助教的班级有人问我YOLOv3的boundingbox 和 anchor区别在哪,我大概知道,但不能系统的解释,下去查了点资料和那个学生讨论了下,记录一下。
因为Faster-RCNN中也引入了anchor,然后很自然的想到yolov3的anchor是不是和Faster-RCNN中是一样的用途,结果发现并不是。
看代码是最直观的,我先search了Faster-RCNN关于产生anchor的代码,下载地址:https://github.com/rbgirshick/py-faster-rcnn/blob/781a917b378dbfdedb45b6a56189a31982da1b43/lib/rpn/generate_anchors.py
Faster-RCNN关于产生anchor的代码贴出来如下:
# --------------------------------------------------------
# Faster R-CNN
# Copyright (c) 2015 Microsoft
# Licensed under The MIT License [see LICENSE for details]
# Written by Ross Girshick and Sean Bell
# --------------------------------------------------------
import numpy as np
def generate_anchors(base_size=16, ratios=[0.5, 1, 2],
scales=2**np.arange(3, 6)):
"""
Generate anchor (reference) windows by enumerating aspect ratios X
scales wrt a reference (0, 0, 15, 15) window.
"""
base_anchor = np.array([1, 1, base_size, base_size]) - 1
ratio_anchors = _ratio_enum(base_anchor, ratios)
anchors = np.vstack([_scale_enum(ratio_anchors[i, :], scales)
for i in xrange(ratio_anchors.shape[0])])
return anchors
def _whctrs(anchor):
"""
Return width, height, x center, and y center for an anchor (window).
"""
w = anchor[2] - anchor[0] + 1
h = anchor[3] - anchor[1] + 1
x_ctr = anchor[0] + 0.5 * (w - 1)
y_ctr = anchor[1] + 0.5 * (h - 1)
return w, h, x_ctr, y_ctr
def _mkanchors(ws, hs, x_ctr, y_ctr):
"""
Given a vector of widths (ws) and heights (hs) around a center
(x_ctr, y_ctr), output a set of anchors (windows).
"""
ws = ws[:, np.newaxis]
hs = hs[:, np.newaxis]
anchors = np.hstack((x_ctr - 0.5 * (ws - 1),
y_ctr - 0.5 * (hs - 1),
x_ctr + 0.5 * (ws - 1),
y_ctr + 0.5 * (hs - 1)))
return anchors
def _ratio_enum(anchor, ratios):
"""
Enumerate a set of anchors for each aspect ratio wrt an anchor.
"""
w, h, x_ctr, y_ctr = _whctrs(anchor)
size = w * h
size_ratios = size / ratios
ws = np.round(np.sqrt(size_ratios))
hs = np.round(ws * ratios)
anchors = _mkanchors(ws, hs, x_ctr, y_ctr)
return anchors
def _scale_enum(anchor, scales):
"""
Enumerate a set of anchors for each scale wrt an anchor.
"""
w, h, x_ctr, y_ctr = _whctrs(anchor)
ws = w * scales
hs = h * scales
anchors = _mkanchors(ws, hs, x_ctr, y_ctr)
return anchors
if __name__ == '__main__':
import time
t = time.time()
a = generate_anchors()
print time.time() - t
print a
from IPython import embed; embed()
代码的意思简单来说就是实现: 1)初始的框是(0,0,15,15),之后根据_ratio_enum生成三个中心坐标不变(只改变长宽比,分别为0.5,1,2),但是ratio改变的anchors. 如下图:
2)三个不同ratio的anchors再分别_scale_enum生成不同尺寸的anchors,最后产生三种尺度三种比例的9个anchors。
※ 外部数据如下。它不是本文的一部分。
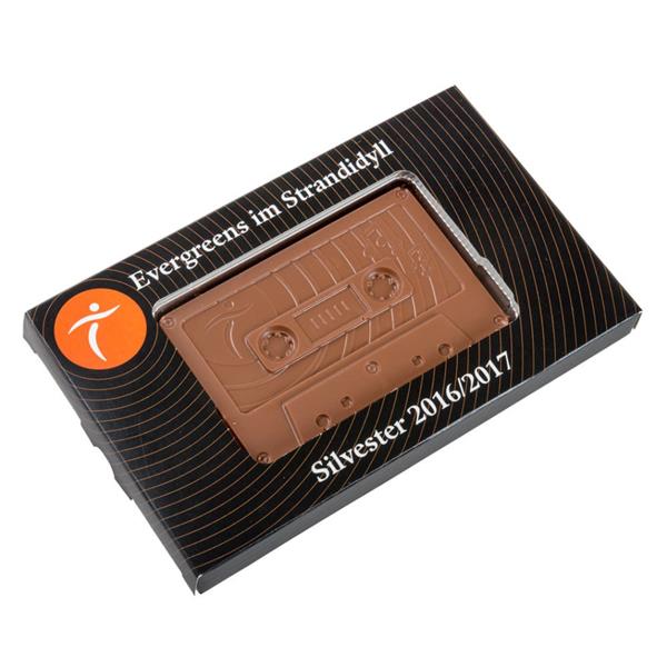 Czekolada kształtowa, umieszczona w wyprasce z R-PET (czyli PET pochodzący w 80% z recyklingu) zamknięta jest w opakowaniu z papieru z certyfikatem FSC (do wyboru kolor: biały, kraft lub ecru -papier z dodatkiem włókien trawy). Pudełko z okienkiem pozwala pięknie wyeksponować czekoladę.
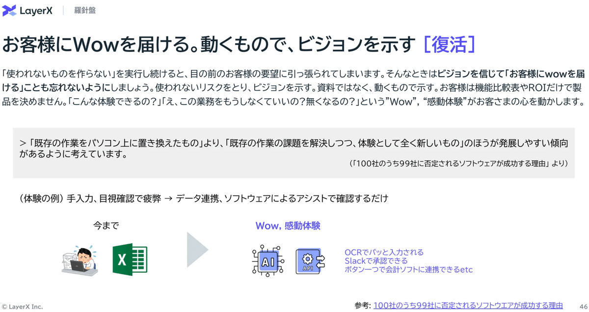 LayerXにおいて、意思決定の基準は基本的にお客様に価値(アウトカム)を生めるかです。新しいプロダクトや機能を作る時は、多くのお客様にヒアリングをしながら、作るものを考えます。

如下图:
Faster-RCNN产生的anchor作用用一张图对照原论文可以很容易的看懂,如下图:
16是网络下采样的倍数,把9个anchor放在原图(600x800)上移动,stride为16(x,y方向都是16),最后得到右边红色的图,一共17100个anchor.
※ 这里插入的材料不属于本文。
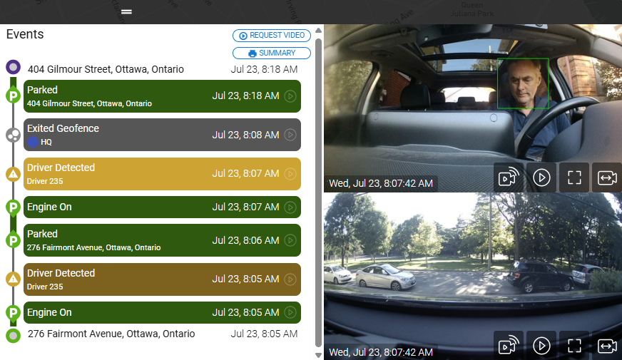 Raven’s cabin-facing camera is AI-powered enabling the ability to perform Facial Recognition. This functionality provides the ability to identify the driver of the vehicle and whether there are any passengers.

YOLOv3的anchor代码(官网:https://pjreddie.com):贴出来如下
import glob
import os
import sys
import xml.etree.ElementTree as ET
import numpy as np
from kmeans import kmeans, avg_iou
# 根文件夹
ROOT_PATH = '/data/DataBase/YOLO_Data/V3_DATA/'
# 聚类的数目
CLUSTERS = 6
# 模型中图像的输入尺寸,默认是一样的
SIZE = 640
# 需要加载yolo训练数据和lable
def load_dataset(path):
jpegimages = os.path.join(path, 'JPEGImages')
if not os.path.exists(jpegimages):
print('no JPEGImages folders, program abort')
sys.exit(0)
labels_txt = os.path.join(path, 'labels')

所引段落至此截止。